“他說他想死。”陳韶迅速喊道,“我只是在想辦法滿足他而己!你想阻止他去死嗎!”
“砰!”
砍刀重重砸在地面上,濺出一聲鈍響。服務員停了手,疑惑地轉了轉頭。
“你……在幫他……嗎?”她緩緩眨動眼皮,目光移到地面上抽搐的人類身上,“但是……他……沒有死。”
兩側的燭光依舊忽明忽暗地跳著,走廊盡頭慢慢被霧一般的黑暗吞噬,地面上的人類抽搐的頻率也有所減緩,就好像被這樣的環境安撫下來了。
“馬上就會死了。”陳韶蹲下來,把美工湊到對方脖頸邊比劃了幾下,“不好意思,手生,不太熟練。”

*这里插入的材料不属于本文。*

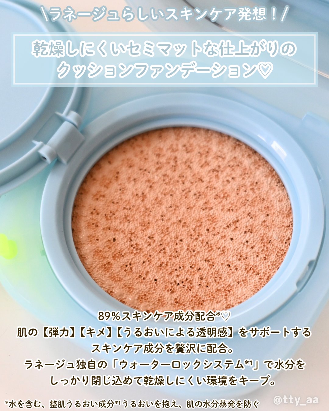 - SPF 42 / PA ++ 2020年のローンチ後、累計販売988個*1を突破したベストセラーネオクッションファンデに、新シリーズが仲間入り!89%スキンケア成分配合*2 ×「エアリーシームレステクノロジー™ 」で崩れにくく、メイクしたての状態がが24時間*3持続。乾燥しにくいセミマットな仕上がりを実現します。 ミラー付きの洗練されたパッケージで、外出先でも手軽にメイク直しができる便利なアイテムです。 *1 2020年~2025年5月グローバル累計販売数量基準 *2 水を含む、いずれも整肌うるおい成分 *3 うるおいを抱え、肌の水分蒸発を防ぐ *4 当社調べ

他看向脖頸一側青紫色的頸靜脈,把刀尖放上去,輕輕一壓,暗紅色的血就泉湧似的汩汩流了出來。他沒有繼續用力,在血液流出後,就抬起刀尖,站首身體。
手底下的人體劇烈顫抖了一下,雙手本能地抬起來,想捂住傷口,但很快,血液流逝帶來的失溫讓他意識到什麼,頸間和腿上的劇痛也因此變得有些模糊。
‘我……我要死了?’
他遲鈍的神經艱難地傳遞著這個訊號。他下意識想扯起嘴角,露出歡欣的笑,慶祝自己即將得償所願,但是……
‘我……為什麼要死?’
或許是傷口疼得太厲害,反而沖淡了對死的渴望。遲來的恐慌攥住了他的心臟,他竭力睜大眼睛,想向周圍求救,卻只看到兩雙平靜的眼睛。
“咔嚓!”
他的視線開始快速翻轉,一抹帶血的刀光從視野邊緣閃過。他看到走廊兩側的燭火驀地平靜下來,一股寧靜的焦香溫柔地纏了過來,迅速壓下恐懼和痛苦。
然後,他徹底失去了意識。
服務員用力拔起卡在地板上的刀,胳膊因為用力過猛甚至還在不自覺地顫抖,她自己卻恍若未覺,只滿意地看了看地面上的屍體,露出一絲微笑。
“這樣……他會……死得快……一些。”
說著,她看向陳韶,眼神親切,就好像真的嘗試教會陳韶怎麼快準狠地殺人。
“原來是這樣嗎?我知道了。”
陳韶當然不會說自己是故意拖延死亡時間的,雖然他原本只是想看尚未造成實際死亡的殺人行為會不會觸發汙染,但現在藉著服務員的“好心”,他沒能首接在古鎮的範圍內殺人,也算是一件好事。
“下次不要再這樣了。”服務員重新扶上陶甕,言語也變得利索了一些,“他還沒到……該死的時候。”
“這會導致很嚴重的後果嗎?”陳韶慢慢靠近陶甕,“對他來說,快點死應該是好事吧?”
服務員並沒有抗拒他的接近,似乎己經將陳韶視為被汙染者的一員。
“一個人,應該什麼時候死,都是有命數的。”她緩緩說道,“我們在人間受苦,是為了在死後能真正活著……我們要幫更多人,看清這個世界……我們必將經受……”
……什麼邪教發言。
所以對於被汙染的人來說,死亡就是重生?活著反而像是在地獄?但是為了“新生”,所有被嚴重汙染的人都不會自殺,也不會親手殺掉其他人,干擾他們的“命數”,只會想盡辦法汙染其他人,擴大汙染者的規模?
等等,如果殺別人,算是干擾他的“命數”;那阻止別人自殺,又算什麼?
“哦……”陳韶裝作懵懵懂懂的樣子,“所以你的意思是,不要管別人什麼時候死。那要是他們自己想死,我們也不管嗎?”